Casio began not with watches but with calculation. Tadao Kashio founded Kashio Seisakujo in Tokyo in 1946, and with his three brothers developed the 14-A in 1957, the world's first compact all-electric relay calculator, incorporating the business as Casio Computer Co. that same year. The move into watchmaking came in November 1974 with the Casiotron, a digital watch whose claim to fame was an automatic calendar that knew how many days each month had, a small feat of logic that announced how an electronics firm would approach timekeeping.

Casio's landmark is the G-Shock. Engineer Kikuo Ibe, after breaking a treasured watch given to him by his father, set out to build one that could not break, chasing a triple-10 target: survive a 10-meter drop, resist water to 10 bar, and run 10 years on a battery. After roughly 200 prototypes, the insight that a module floating within a hollow structure could absorb shock, inspired by watching a rubber ball bounce, produced the DW-5000C in April 1983. Its square case and protective philosophy still define the line today.

Around it grew a catalog of quietly important watches. The F-91W of 1989, a featherweight resin digital with alarm, stopwatch, and a battery that runs for years, became one of the best-selling watches ever made and remains in production essentially unchanged. The Databank series from 1984 put a phone directory on the wrist, calculator watches like the CA-50 turned up in Hollywood films, and the A158 and A168 on steel bracelets carried the same plain-spoken design language to dressier wrists.

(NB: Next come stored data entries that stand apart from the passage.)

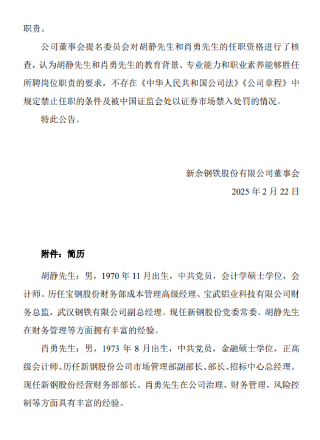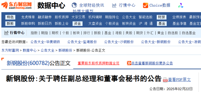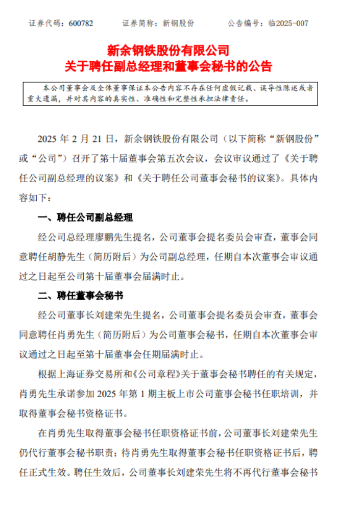2月22日,新鋼股份發布了《新餘鋼鐵股份有限公司關於聘任副總經理和董事會秘書的公告》(以下簡稱《公告》)。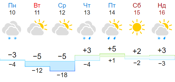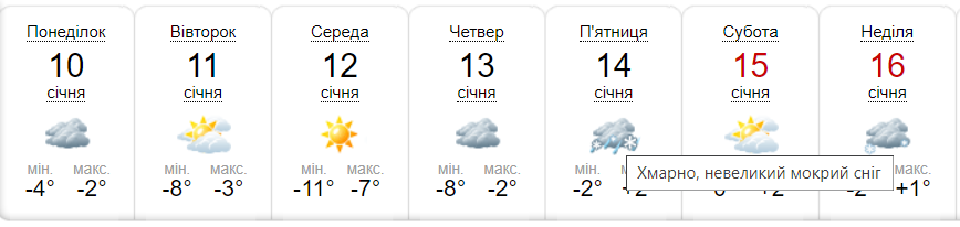 10 січня опадів синоптики не прогнозують. Температура повітря зранку -4, в обід -3, ввечері -4.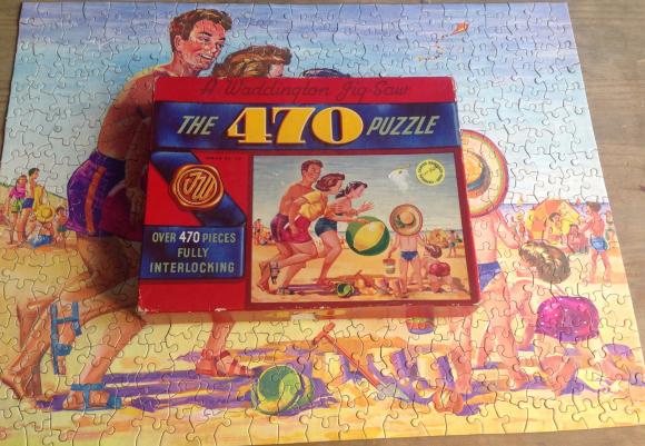 1950s Waddingtons 470 Piece Cardboard Jigsaw, Beach Scene Complete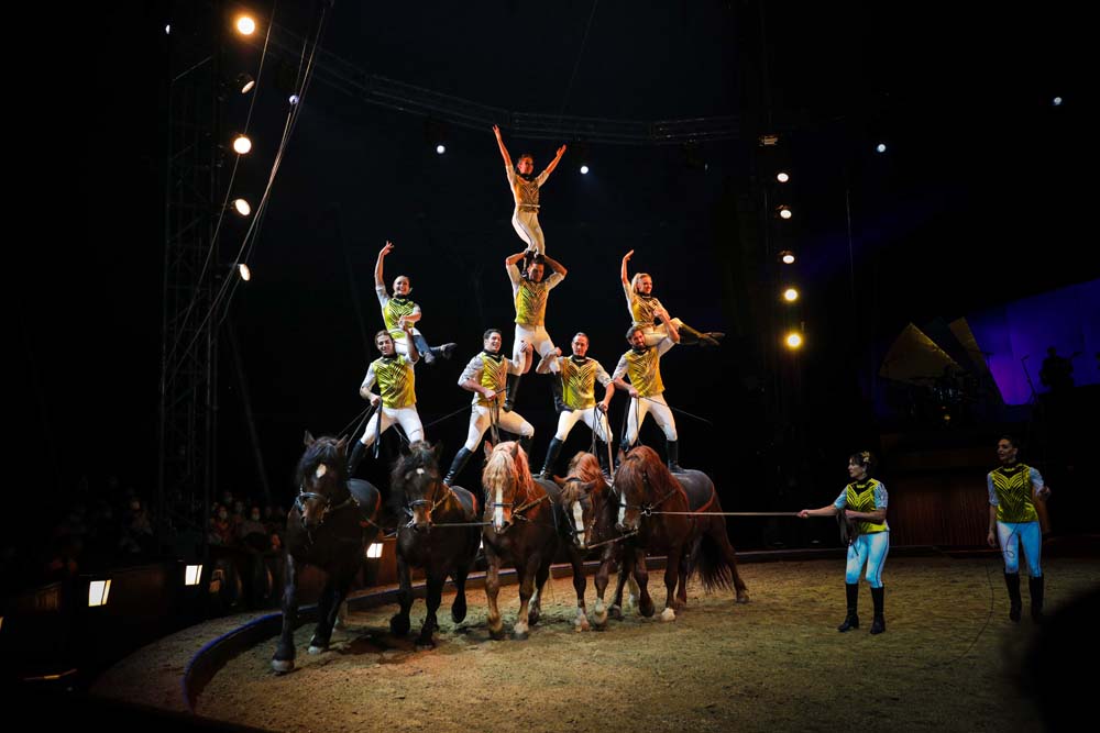 Place au spectacle : après une présentation en chanson des trois générations Gruss, la folie peut commencer sur scène : entre des numéros équestres, aériens et le numéro de clownerie revisité et modernisé, le temps passe très vite durant les 1 h 30.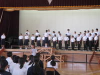 合唱コンクールリハーサル 2019年10月2日 09時16分 本日の各学年で合唱コンクールリハーサルを実施しています。 ステージへの入退場の仕方を確認したり、各クラスの合唱を聞いたりしています。 下の写真は、1年生のリハーサルの様子です。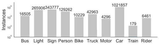 Berkeley University, BDD100K. The BDD100K asymmetry dataset contains 100,000 segments of HD video. Each video is about 40 s, 720 p, 30 fps [12]. The key frame is sampled in the 10th second of each video to get 100,000 images (image size: 1280 × 720). There are 10 categories of labels in the dataset: Bus, light, sign, person, bike, truck, motor, car, train and rider. There are about 1.84 million calibration frames in total, and the number of different types of targets is shown in Figure 3.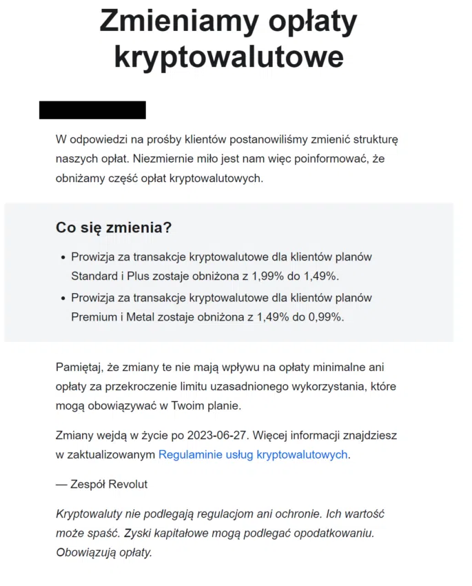 W ostatnich miesiącach Revolut wprowadzał wiele zmian mających na celu usprawnienie i obniżenie kosztów dla swoich klientów. W ostatnim czasie brytyjska firma fintechowa postanowiła równeiż dokonać zmiany w polityce opłat związanych z transakcjami kryptowalutowymi.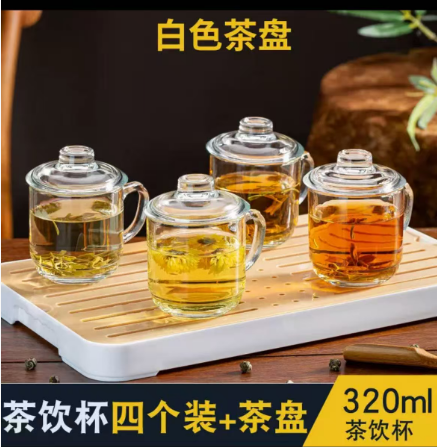①【茶饮杯320毫升四只+白茶盘 】拍1份+【茶饮杯320毫升两只】拍1份(加起来一共6只透明杯+1个茶盘)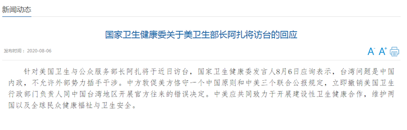 國家衛生健康委回應美衛生部長將訪臺

Vintage Casio collecting rewards attention to module numbers, the small code on the case back that identifies the electronics inside. Early screw-back G-Shocks such as the DW-5000C and DW-5600C command real money, original Casiotrons are genuinely scarce, and clean examples of 1980s models with intact resin and bright displays get harder to find every year, since polymer cases age in a way steel does not. It is one of the few corners of collecting where the landmark pieces remain affordable.